Und so geschah es, denn alle kannten Lamm. Und wahrlich, er kriegte für Esel und Wagen vierundvierzig Gülden und zehn Heller. Darnach klimperte er dem Wirt mit dem Gold unter der Nase und fragte ihn:
„Witterst Du den Duft der künftigen Schmäuse?“
„Ja,“ antwortete der Wirt.
Und ganz leise sprach er:
„So Du Deine Haut feil bietest, will ich sie für einen Heller kaufen und daraus ein Amulett gegen die Verschwendung machen.“
Derweilen hatte ein hübsches, artiges Weiblein, so im dunklen Hofe stand, Lamm oftmals durchs Fenster angeschaut und allemal wenn er ihr hübsches Lärvchen sehen konnte, zog sie sich zurück.
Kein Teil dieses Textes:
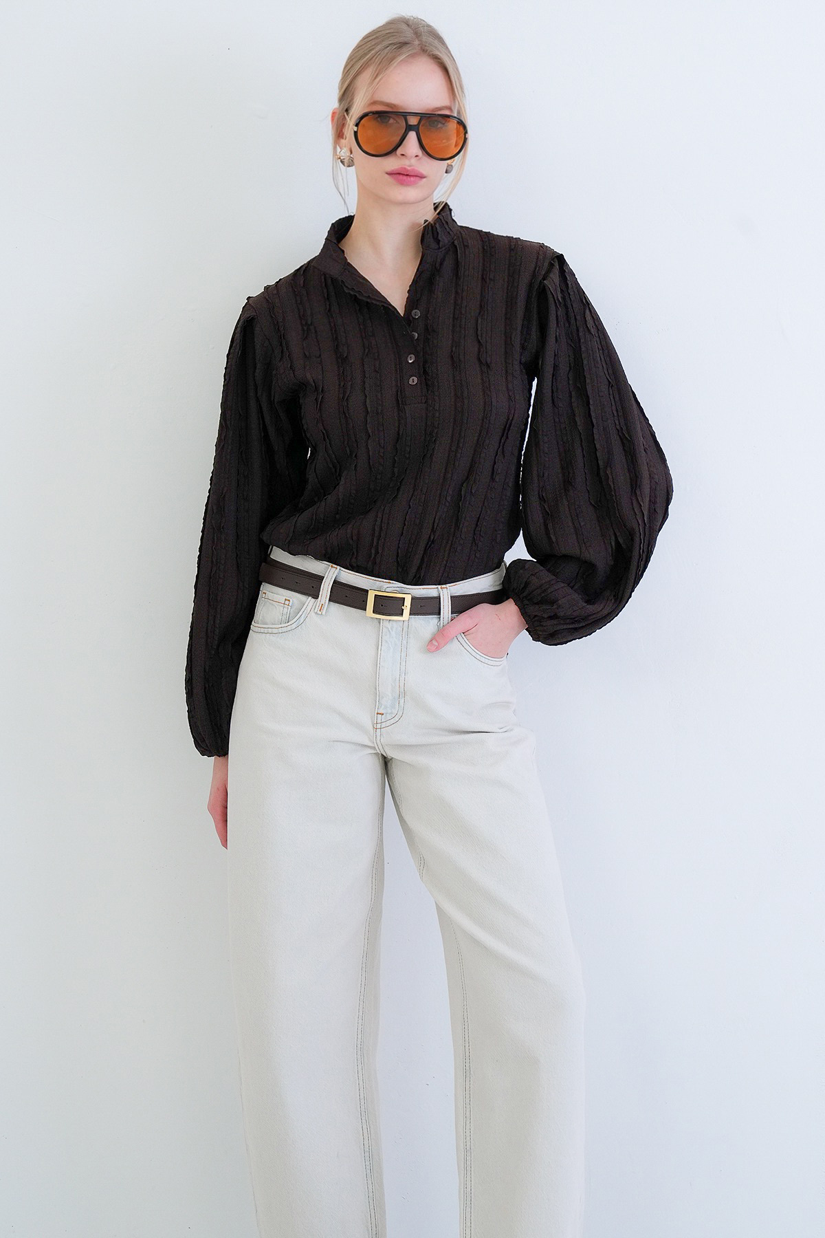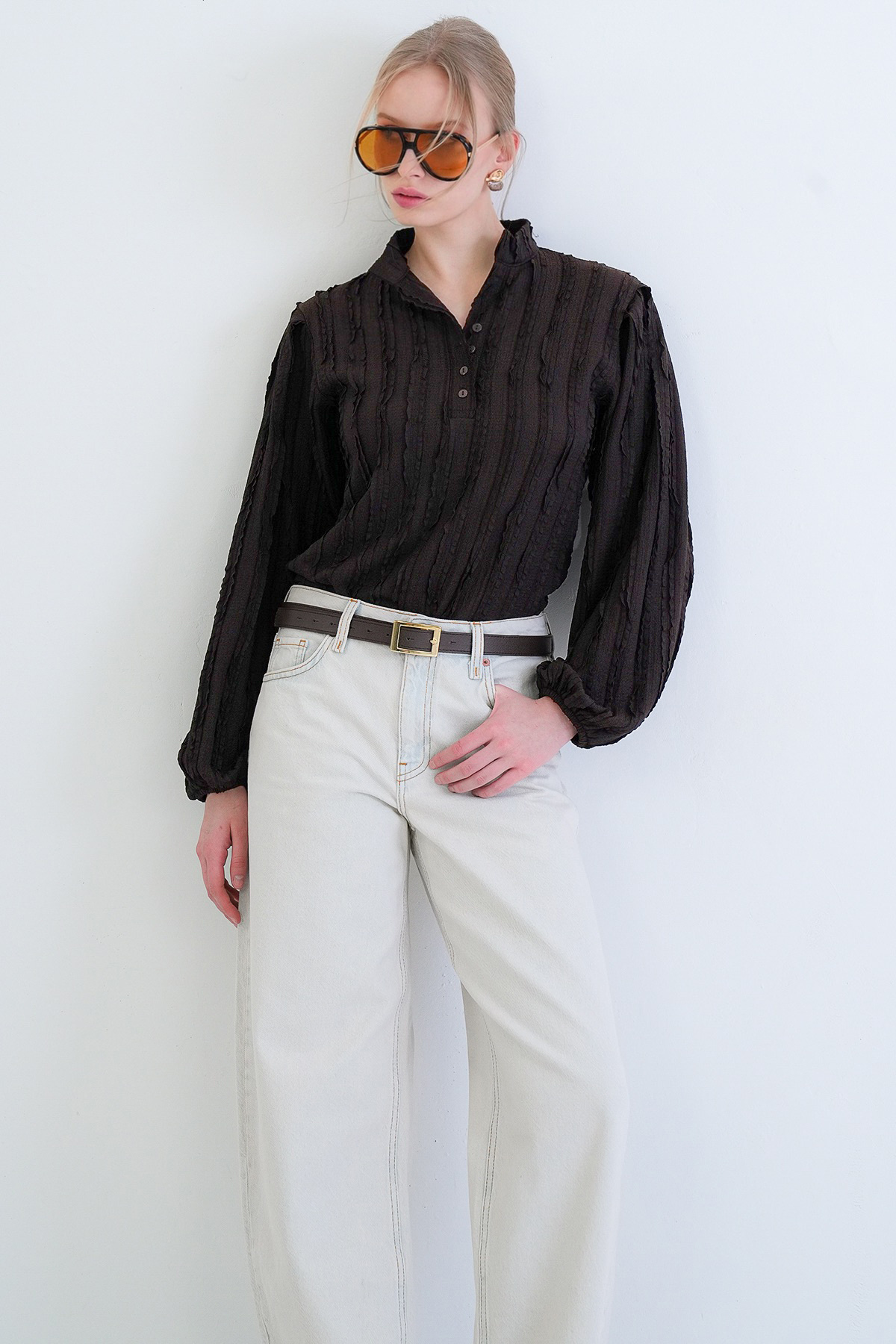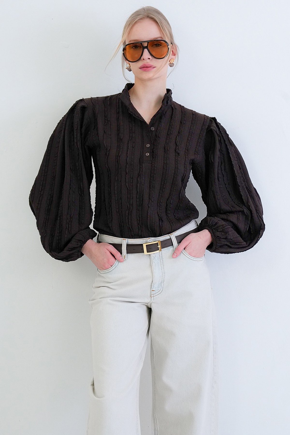 Bitter Coffee Dominant Collar Front Buttoned Balloon Sleeve Ruffle Fabric Shirt Blouse

Am Abend, da er schwankend vom Weine, den er getrunken, ohne Licht hinaufging, fühlte er auf der Stiege, wie eine Frau ihn umhalste, ihn begehrlich auf Wange, Mund und gar auf die Nase küßte und sein Antlitz mit verliebten Tränen benetzte; dann ließ sie ihn los.
Schlaftrunken von dem Getränk, legte Lamm sich nieder, schlief und zog des andern Tages mit Ulenspiegel nach Gent.